= Requirement =
In the answer, each entry below appears exactly as given, and no picture appears at all.

= Study material =

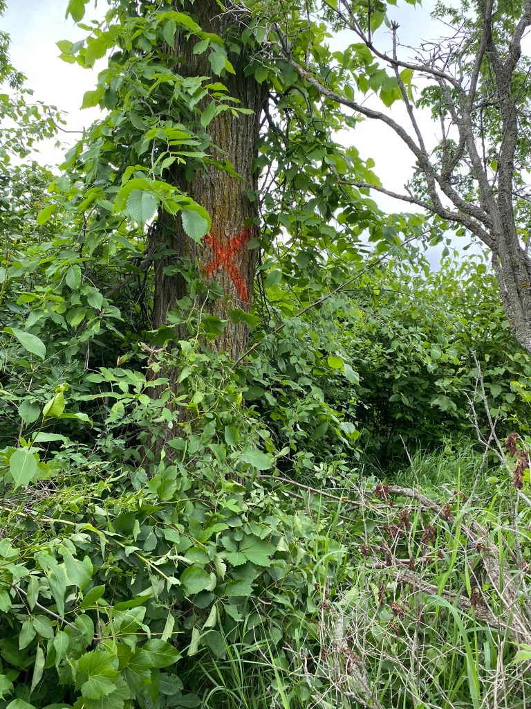 Photo 3. Marked dead ash overtaken by vine growth. With canopy loss from emerald ash borer, invasives like parsnip, garlic mustard, buckthorn, and dog-strangling vine spread rapidly through the exposed understory.
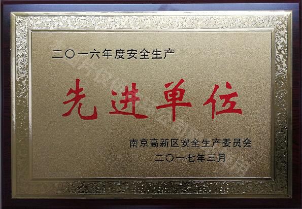 公司榮獲高新區2016年度安全生產工作 先進單位
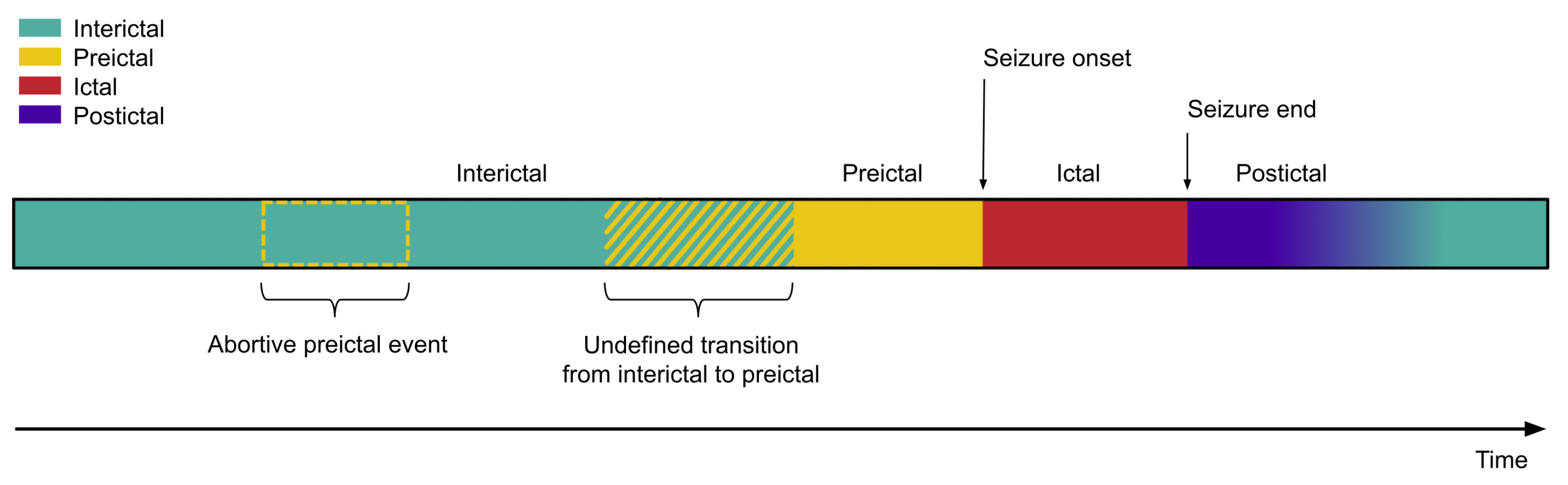 - Finally, the interictal state is often defined simply as all remaining periods outside the preictal, ictal, or postictal windows. It is inherently dependent on the delineation of seizure-related states, and consequently liable to error.
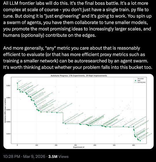 Jensen Huang says, “Every company needs an OpenClaw strategy.” What did he mean by that, and what does it mean for you? If you want me to brief your board on this or other topics, please get in touch here. I only have the capacity to help a select number of firms a year, and slots fill up fast. 🦞 🔮 Autoresearch and the experimental societyOn bringing the scientific method into everyday knowledge workScience is the most reliable method humanity has found for producing knowledge. It has also, for most of history, been expensive to run. Andrej Karpathy released 600 lines of Python code a few weeks ago that started to change that. His autoresearch (see EV#565) runs an autonomous experimental loop in which a human sets a strategic direction, defines what good looks like and the agent iterates towards success within the guardrails. In Andrej’s initial experiment, it trained a GPT-2-level model over two days, 11% faster and found 20 genuine improvements. Shortly after the release, Shopify’s CEO Toby Lütke used autoresearch on his company’s internal model, qmd; it ran 37 experiments overnight, so Toby woke up to a 0.8-billion-parameter model outscoring his previous 1.6-billion-parameter version by 19%. Toby is not a machine learning engineer. Autoresearch is powerful because it solves two problems at once. One, it automates part of the knowledge-production process. And two, it solves the agent control problem, meaning it keeps agents on task. AI often drifts if you give it an open-ended brief or optimize for the wrong thing. To my great joy, autoresearch prevents this by design. The human decides where the car is going; autoresearch keeps its hands on the wheel. I spent the last month adapting autoresearch for knowledge work beyond machine learning with the goal of spinning up a system that can run structured, low-cost experiments on the kinds of decisions most teams make every week. I’m calling this version AutoBeta, and I’m making the full playbook/skill available to paying members below. Let’s go! The measurement problemWhen I first saw autoresearch, my immediate reaction was that it didn’t have to be just about machine learning. The loop is generic – hypothesize, test, score, iterate. So I cloned it and started running it on other bits of my work. It didn’t go exactly as I expected. The outputs looked fine but I couldn’t tell whether they were getting better. Unlike ML where the agent has a built-in feedback signal from each training run, knowledge work was missing it. A pricing decision doesn’t validate in five minutes; and the paragraphs I write don’t tell me if the argument is getting better or just changing, most of the time. This is what makes applying autoresearch to knowledge work genuinely hard. The loop needs something to optimize against, and in knowledge work, that something doesn’t exist naturally. So I constructed a version of autoresearch, called AutoBeta, that works across a wide range of business problems. It is not as technically robust as Karpathy’s, but it has the same design principles: I set the objective and the constraints, the experimentation takes place within the loop. The one thing I changed was the score. I created “an oracle”, a panel of synthetic judges scoring each output against pre-defined criteria, collapsed into a single number the loop can optimize for. ... Subscribe to Exponential View to unlock the rest.Become a paying subscriber of Exponential View to get access to this post and other subscriber-only content. A subscription gets you:
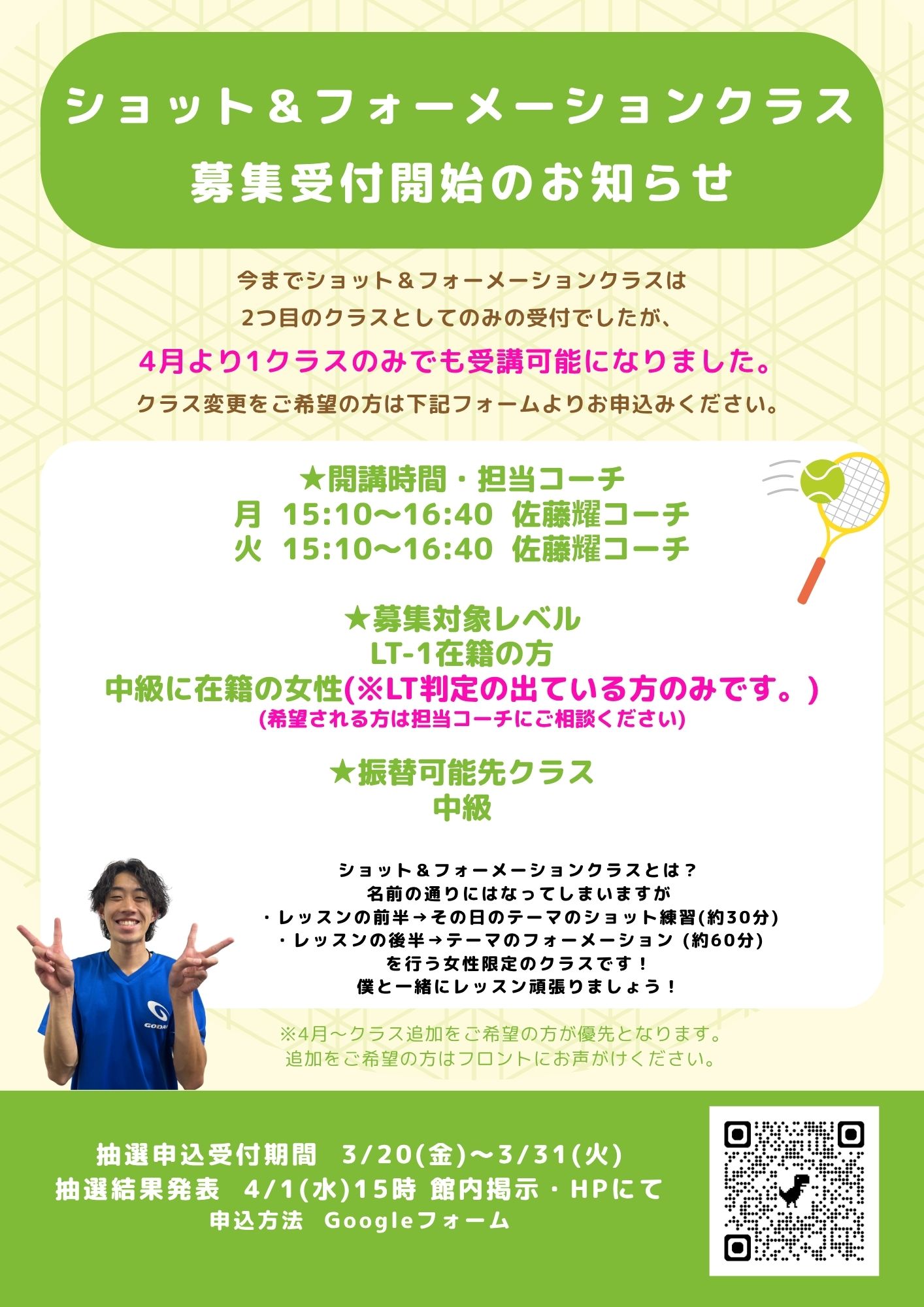 【ショット&フォーメーションクラス】単独受講申込開始のお知らせ
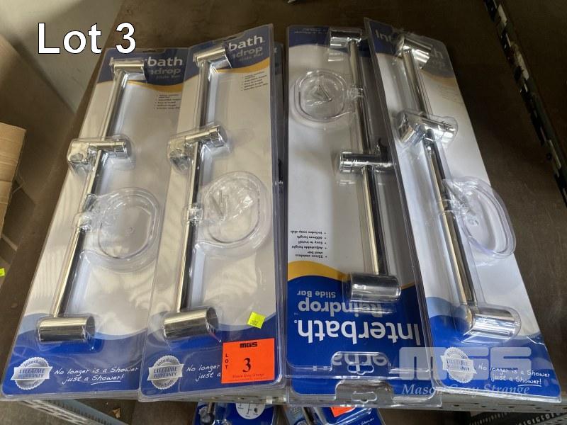 6 x CHROME INTERBATH RAINDROP SHOWER HEAD SLIDE BARS, NEW IN PACKAGING
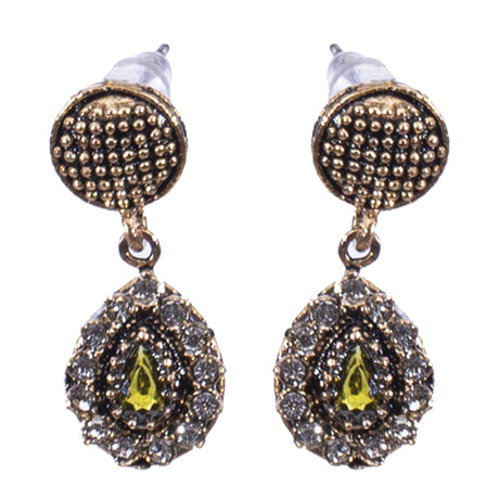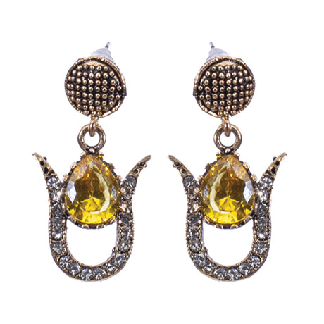 BOUCLES D'OREILLES AZNIVE EN BRONZE A PIERRE JAUNE SUR ARC SERTIE DE CRISTAUX
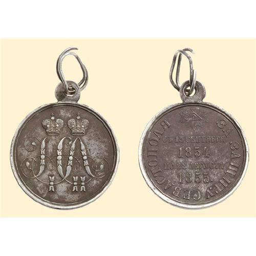 Battle of Sevastopol 1854-1855, silver medal with original loop, dark patina, signs of age. Rare.

= Exercise answer =
 Photo 3. Marked dead ash overtaken by vine growth. With canopy loss from emerald ash borer, invasives like parsnip, garlic mustard, buckthorn, and dog-strangling vine spread rapidly through the exposed understory.
 公司榮獲高新區2016年度安全生產工作 先進單位
 - Finally, the interictal state is often defined simply as all remaining periods outside the preictal, ictal, or postictal windows. It is inherently dependent on the delineation of seizure-related states, and consequently liable to error.
 Jensen Huang says, “Every company needs an OpenClaw strategy.” What did he mean by that, and what does it mean for you? If you want me to brief your board on this or other topics, please get in touch here. I only have the capacity to help a select number of firms a year, and slots fill up fast. 🦞 🔮 Autoresearch and the experimental societyOn bringing the scientific method into everyday knowledge workScience is the most reliable method humanity has found for producing knowledge. It has also, for most of history, been expensive to run. Andrej Karpathy released 600 lines of Python code a few weeks ago that started to change that. His autoresearch (see EV#565) runs an autonomous experimental loop in which a human sets a strategic direction, defines what good looks like and the agent iterates towards success within the guardrails. In Andrej’s initial experiment, it trained a GPT-2-level model over two days, 11% faster and found 20 genuine improvements. Shortly after the release, Shopify’s CEO Toby Lütke used autoresearch on his company’s internal model, qmd; it ran 37 experiments overnight, so Toby woke up to a 0.8-billion-parameter model outscoring his previous 1.6-billion-parameter version by 19%. Toby is not a machine learning engineer. Autoresearch is powerful because it solves two problems at once. One, it automates part of the knowledge-production process. And two, it solves the agent control problem, meaning it keeps agents on task. AI often drifts if you give it an open-ended brief or optimize for the wrong thing. To my great joy, autoresearch prevents this by design. The human decides where the car is going; autoresearch keeps its hands on the wheel. I spent the last month adapting autoresearch for knowledge work beyond machine learning with the goal of spinning up a system that can run structured, low-cost experiments on the kinds of decisions most teams make every week. I’m calling this version AutoBeta, and I’m making the full playbook/skill available to paying members below. Let’s go! The measurement problemWhen I first saw autoresearch, my immediate reaction was that it didn’t have to be just about machine learning. The loop is generic – hypothesize, test, score, iterate. So I cloned it and started running it on other bits of my work. It didn’t go exactly as I expected. The outputs looked fine but I couldn’t tell whether they were getting better. Unlike ML where the agent has a built-in feedback signal from each training run, knowledge work was missing it. A pricing decision doesn’t validate in five minutes; and the paragraphs I write don’t tell me if the argument is getting better or just changing, most of the time. This is what makes applying autoresearch to knowledge work genuinely hard. The loop needs something to optimize against, and in knowledge work, that something doesn’t exist naturally. So I constructed a version of autoresearch, called AutoBeta, that works across a wide range of business problems. It is not as technically robust as Karpathy’s, but it has the same design principles: I set the objective and the constraints, the experimentation takes place within the loop. The one thing I changed was the score. I created “an oracle”, a panel of synthetic judges scoring each output against pre-defined criteria, collapsed into a single number the loop can optimize for. ... Subscribe to Exponential View to unlock the rest.Become a paying subscriber of Exponential View to get access to this post and other subscriber-only content. A subscription gets you:
 【ショット&フォーメーションクラス】単独受講申込開始のお知らせ
 6 x CHROME INTERBATH RAINDROP SHOWER HEAD SLIDE BARS, NEW IN PACKAGING
 BOUCLES D'OREILLES AZNIVE EN BRONZE A PIERRE JAUNE SUR ARC SERTIE DE CRISTAUX
 Battle of Sevastopol 1854-1855, silver medal with original loop, dark patina, signs of age. Rare.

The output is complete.